While this is all well and good, where mangroves really earn their keep is by capturing and storing huge amounts of carbon. “Estimates suggest they can capture and store four to five times more than typical tropical forests,” she says. Given that one of the primary causes for sea level rise is rising temperatures due to rising carbon dioxide levels and other gases in the atmosphere, this carbon capture, or “blue carbon,” is vital. Blue carbon is a term for any carbon captured by the ocean or coastal ecosystems. “What they do is basically build up peat soil and that’s where a lot of the carbon is stored,” continues Dr Glasspool. This can remain stored for centuries. Peat soil is built using fallen leaves and other “breakdown materials.” As the peat builds up, so do the mangroves, giving them protection from slow sea level rise.

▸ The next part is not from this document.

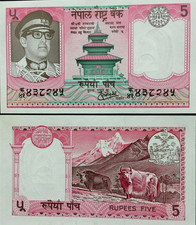 ND (1974). Red, brown and green. King Birendra Bir Bikram in military uniform with dark cap at left, temple at center. . Back: Red and brown. Two yaks at center. Watermark: Plumed crown.

Mangroves don’t just protect coastlines. They also help the surrounding marine habitat by “cleaning” the water and it is for this reason that mangroves were planted around the perimeter of the pond in front of the new airport. “You may have run off from the land, and to some extent, they will filter that water before it goes out to the ocean,” says Dr Glasspool. “It might go out to the seagrasses and to the corals.”
- Wildlife Habitat
- Mangroves help the coral reefs thrive in another way too. “A lot of our reef fish will use them as a nursery area,” says Dr Glasspool. “That may be parrot fish, or snappers, even small groupers, so there’s lots of nutrition in them. Lots of things grow on the roots. They’re an important nursery area for juvenile fish.”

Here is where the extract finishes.